* **Activity**
Everything from the line holding "NIGO Chanel 25A" through the last line of the data, and nothing else, should be retyped exactly, with no pictures.

* **Provided data**
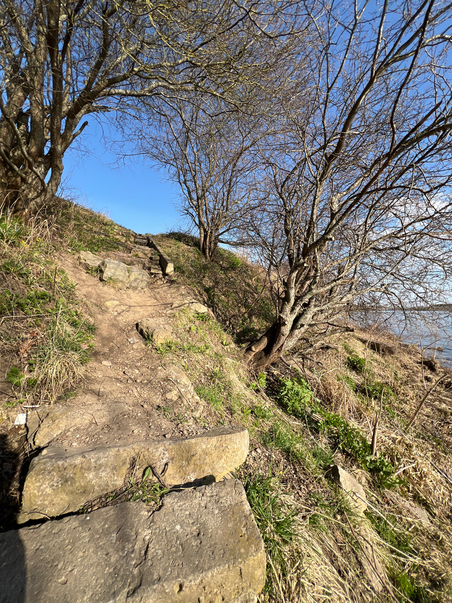 The image shows a view upwards towards a steep grassy bank with a tree. The tree is mostly bare of leaves, with many branches reaching across a blue sky. The bank is covered with grass, dry vegetation…read more
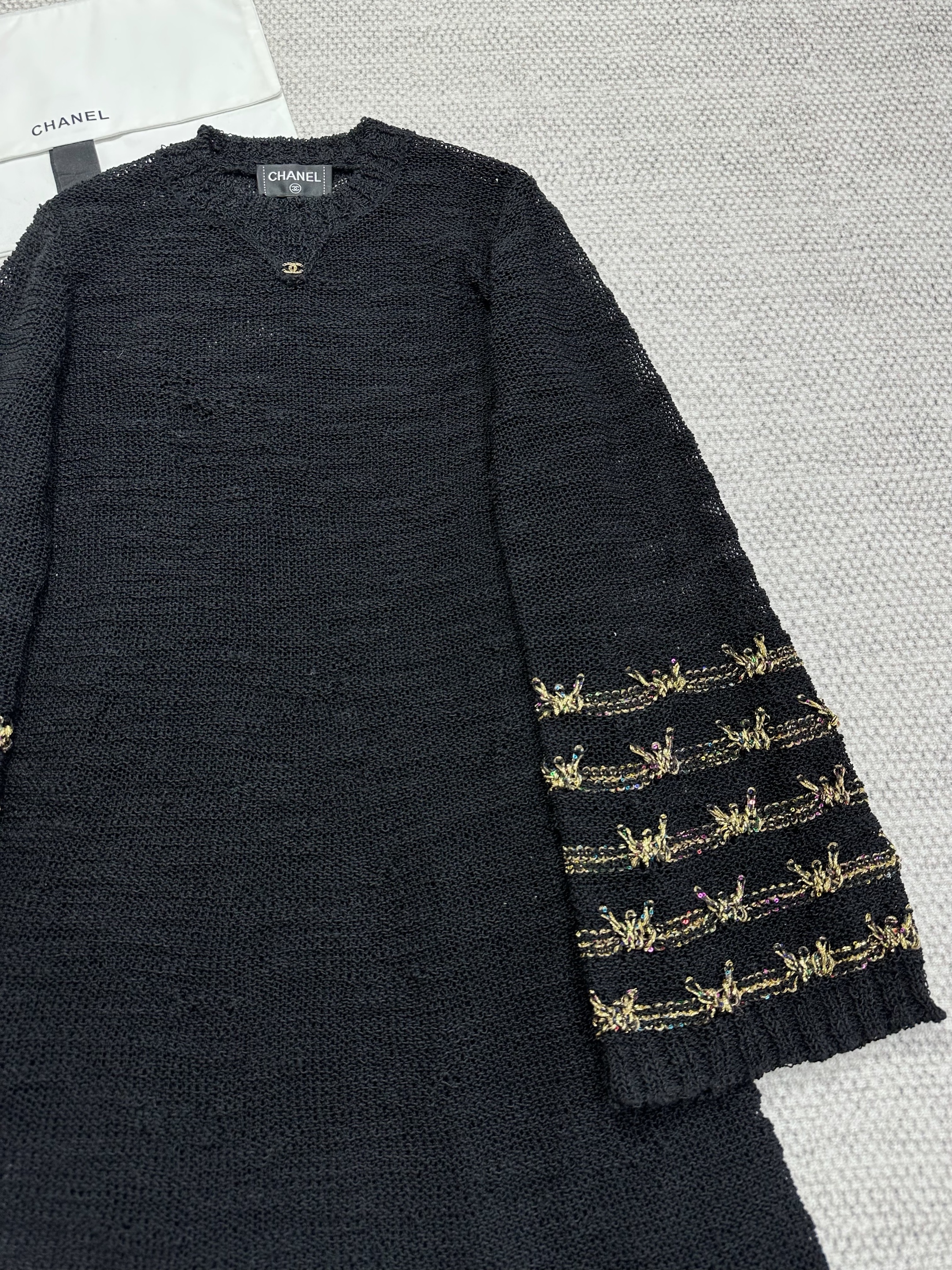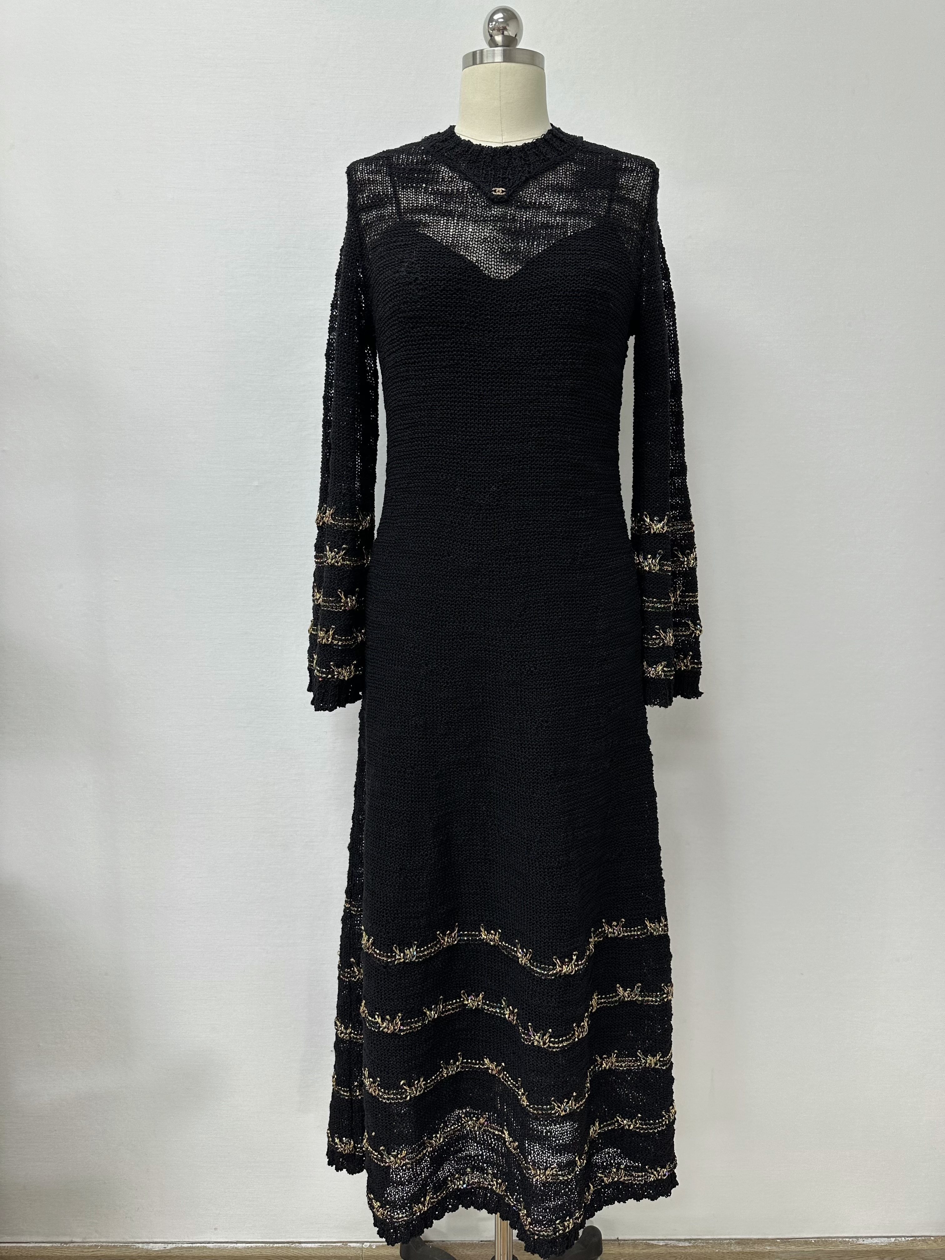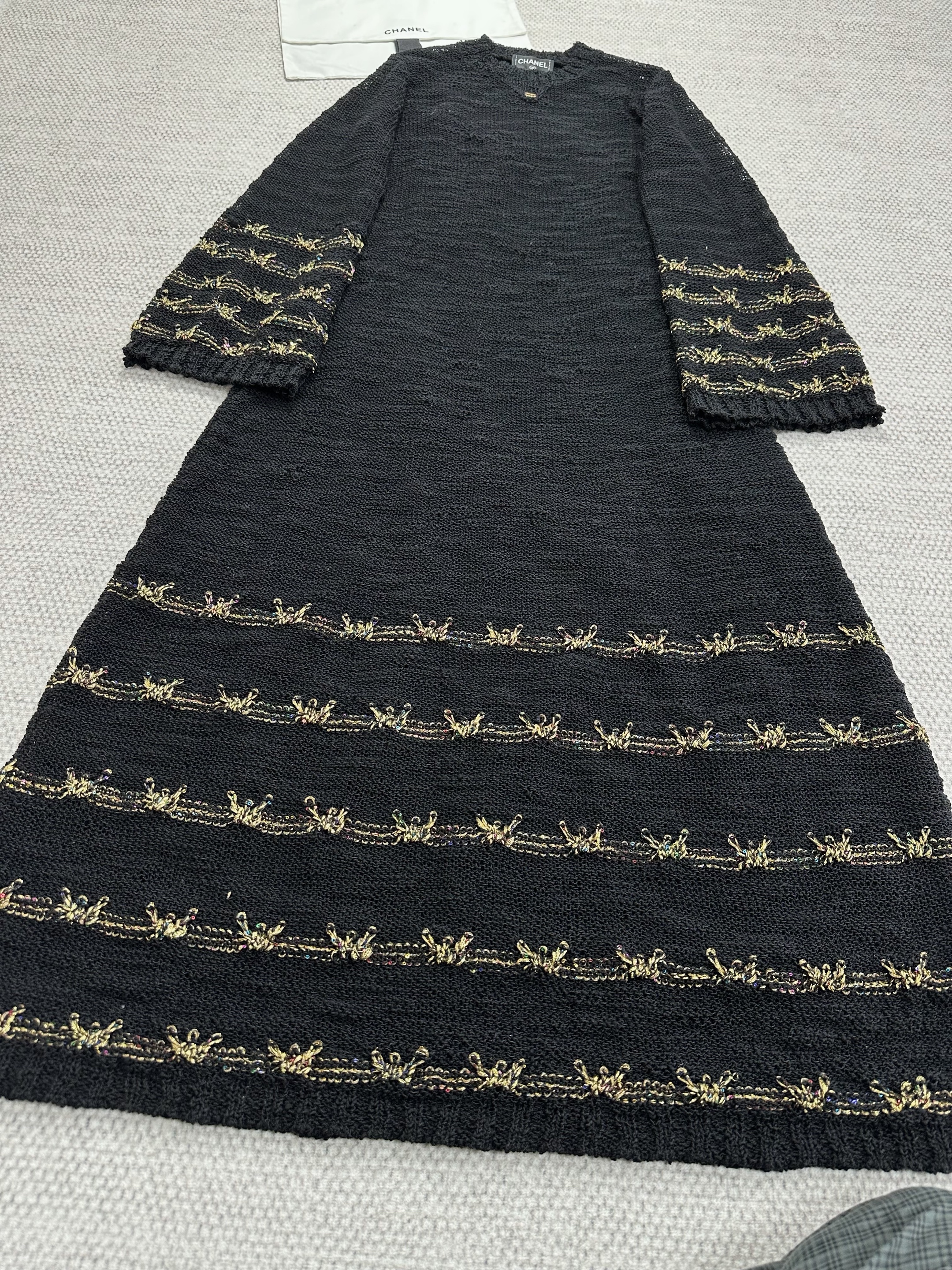 NIGO Chanel 25A Women's Long Dress Embroidered Virgin Wool Black and Gold #nigo332236
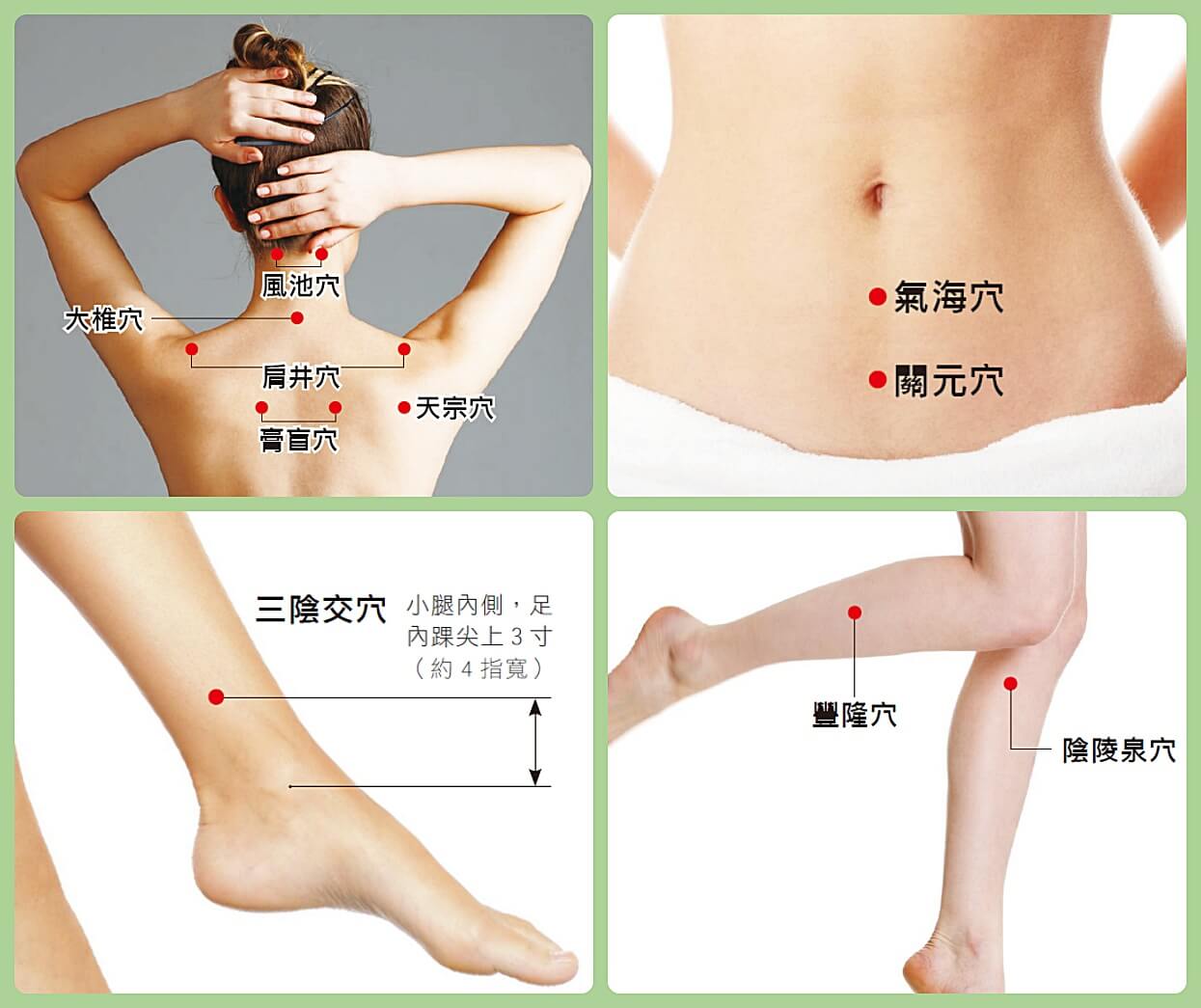 欲改善生理痛,可常用吹風機吹拂腹部氣海、關元、雙腳內側三陰交等穴位,並搭配有當歸成分的精油。

* **Exercise response**
 NIGO Chanel 25A Women's Long Dress Embroidered Virgin Wool Black and Gold #nigo332236
 欲改善生理痛,可常用吹風機吹拂腹部氣海、關元、雙腳內側三陰交等穴位,並搭配有當歸成分的精油。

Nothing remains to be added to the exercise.